━━━ DATA SUPPLIED ━━━

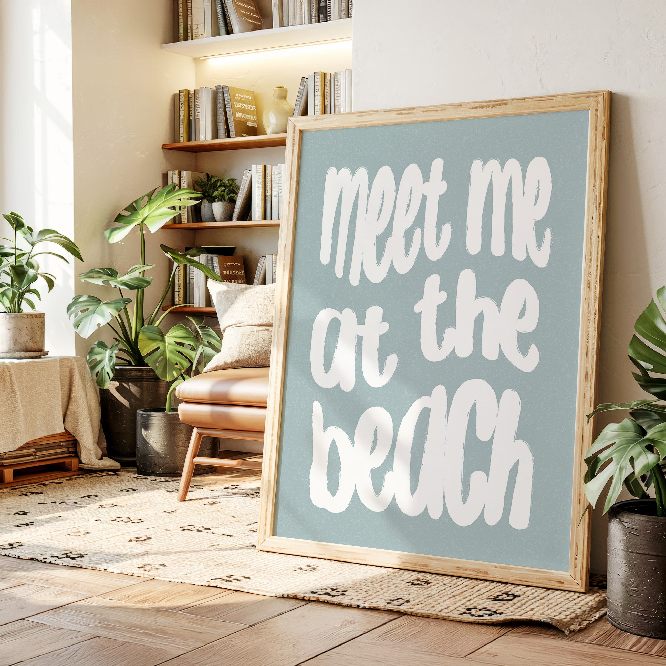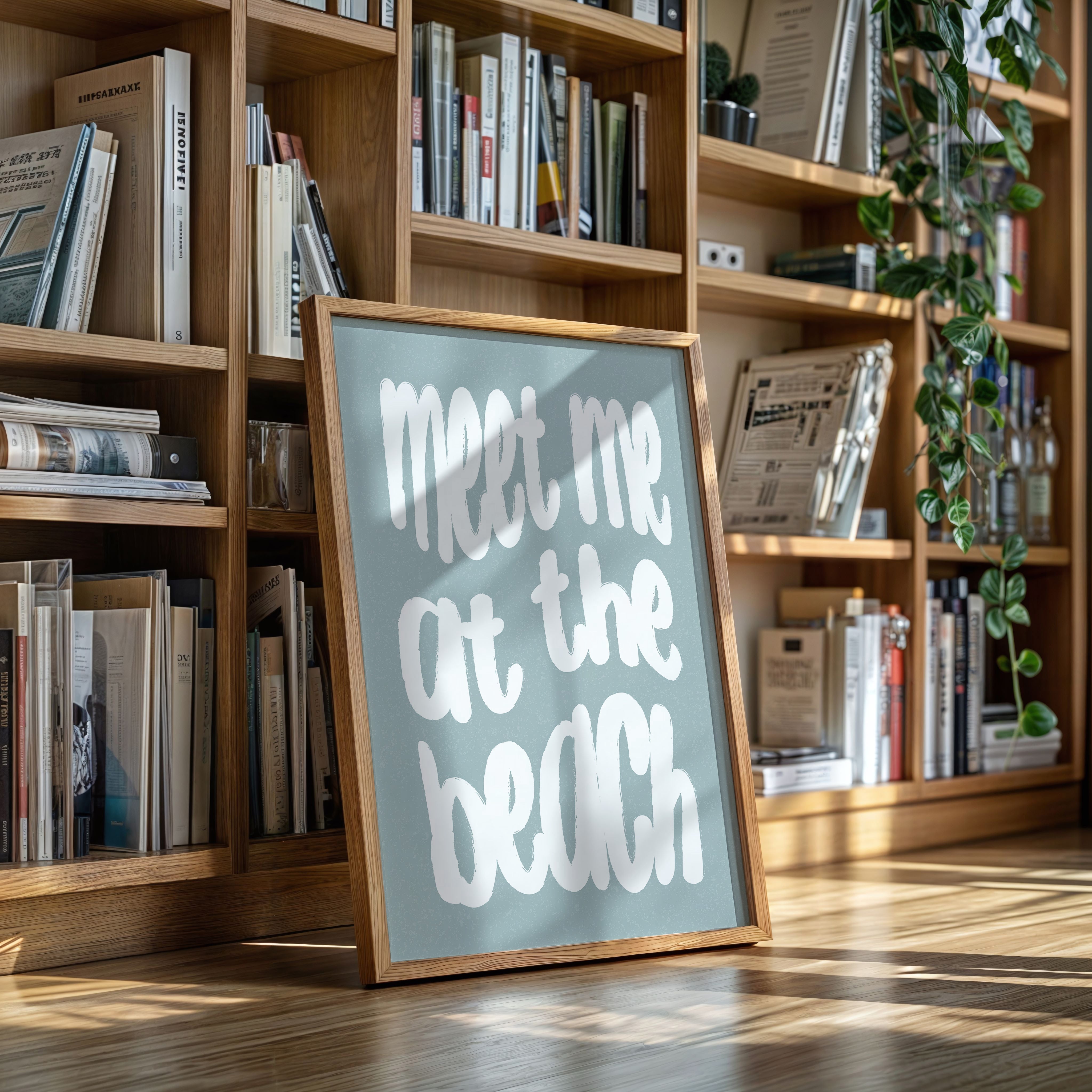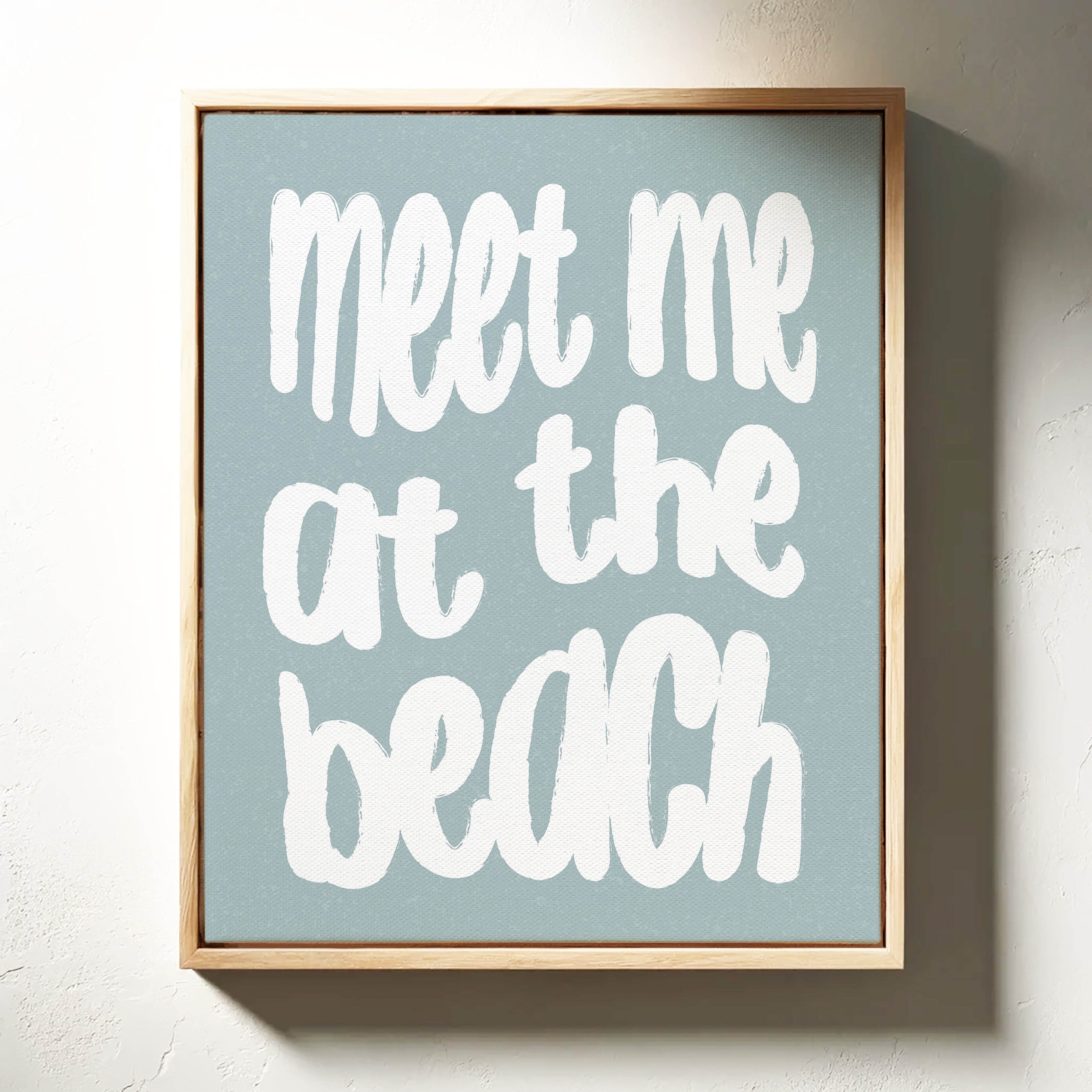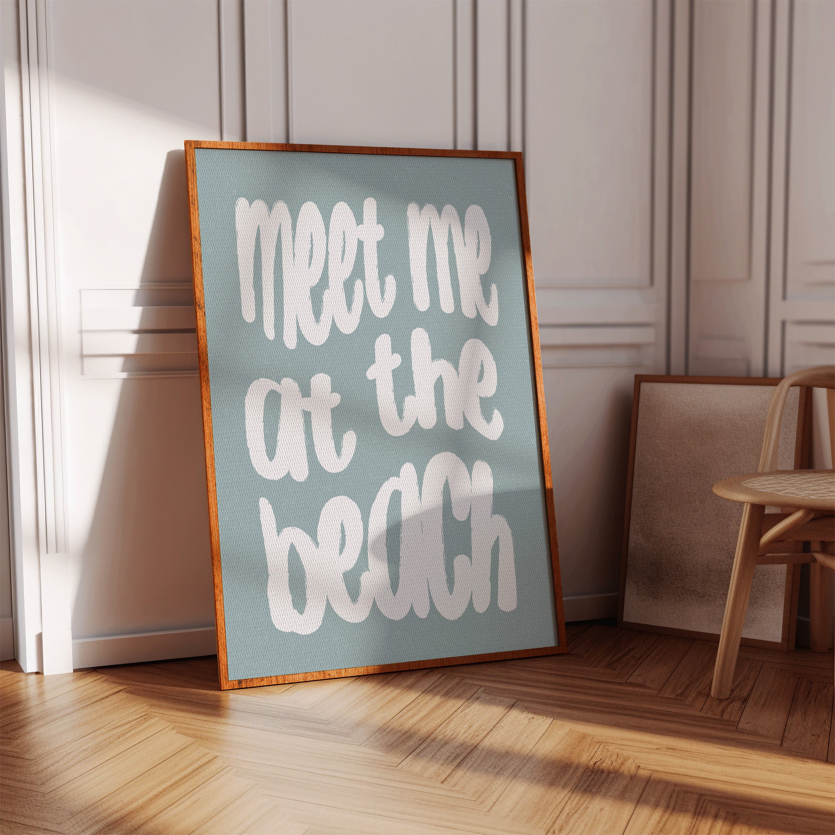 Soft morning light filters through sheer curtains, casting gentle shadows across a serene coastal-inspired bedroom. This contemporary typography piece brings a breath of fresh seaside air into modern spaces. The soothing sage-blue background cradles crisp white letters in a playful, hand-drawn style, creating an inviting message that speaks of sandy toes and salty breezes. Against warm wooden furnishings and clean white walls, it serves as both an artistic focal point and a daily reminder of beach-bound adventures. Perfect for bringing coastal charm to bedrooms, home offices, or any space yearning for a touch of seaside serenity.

━━━
━━━ DATA SUPPLIED ━━━

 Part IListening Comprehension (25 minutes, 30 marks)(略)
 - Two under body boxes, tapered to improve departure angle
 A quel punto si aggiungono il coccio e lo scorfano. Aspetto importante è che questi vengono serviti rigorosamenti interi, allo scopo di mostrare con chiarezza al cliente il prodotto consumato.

━━━

**THE PROBLEM**.
Exactly the lines above from the one with "Part IListening Comprehension" to the one with "A quel punto", both included, are to be quoted; leave the rest out.

**FINISHED EXERCISE**.
 Part IListening Comprehension (25 minutes, 30 marks)(略)
 - Two under body boxes, tapered to improve departure angle
 A quel punto si aggiungono il coccio e lo scorfano. Aspetto importante è che questi vengono serviti rigorosamenti interi, allo scopo di mostrare con chiarezza al cliente il prodotto consumato.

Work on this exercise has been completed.